━━━ Materials provided ━━━

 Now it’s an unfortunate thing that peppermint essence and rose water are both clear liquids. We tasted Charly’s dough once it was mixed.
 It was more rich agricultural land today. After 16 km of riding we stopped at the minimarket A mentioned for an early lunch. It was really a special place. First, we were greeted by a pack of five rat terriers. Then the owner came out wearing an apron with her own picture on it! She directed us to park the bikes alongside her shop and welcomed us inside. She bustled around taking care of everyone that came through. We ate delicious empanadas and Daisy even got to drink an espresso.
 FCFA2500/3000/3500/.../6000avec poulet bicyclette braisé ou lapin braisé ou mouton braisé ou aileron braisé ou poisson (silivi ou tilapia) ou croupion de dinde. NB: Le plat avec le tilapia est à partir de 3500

━━━
━━━ Materials provided ━━━

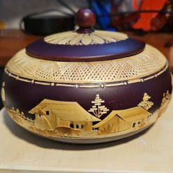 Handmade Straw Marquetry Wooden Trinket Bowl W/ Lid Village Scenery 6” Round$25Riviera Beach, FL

━━━

[Task to complete] Copy out every line in the records where the word "that" is found.

[Written answer]
 Now it’s an unfortunate thing that peppermint essence and rose water are both clear liquids. We tasted Charly’s dough once it was mixed.
 It was more rich agricultural land today. After 16 km of riding we stopped at the minimarket A mentioned for an early lunch. It was really a special place. First, we were greeted by a pack of five rat terriers. Then the owner came out wearing an apron with her own picture on it! She directed us to park the bikes alongside her shop and welcomed us inside. She bustled around taking care of everyone that came through. We ate delicious empanadas and Daisy even got to drink an espresso.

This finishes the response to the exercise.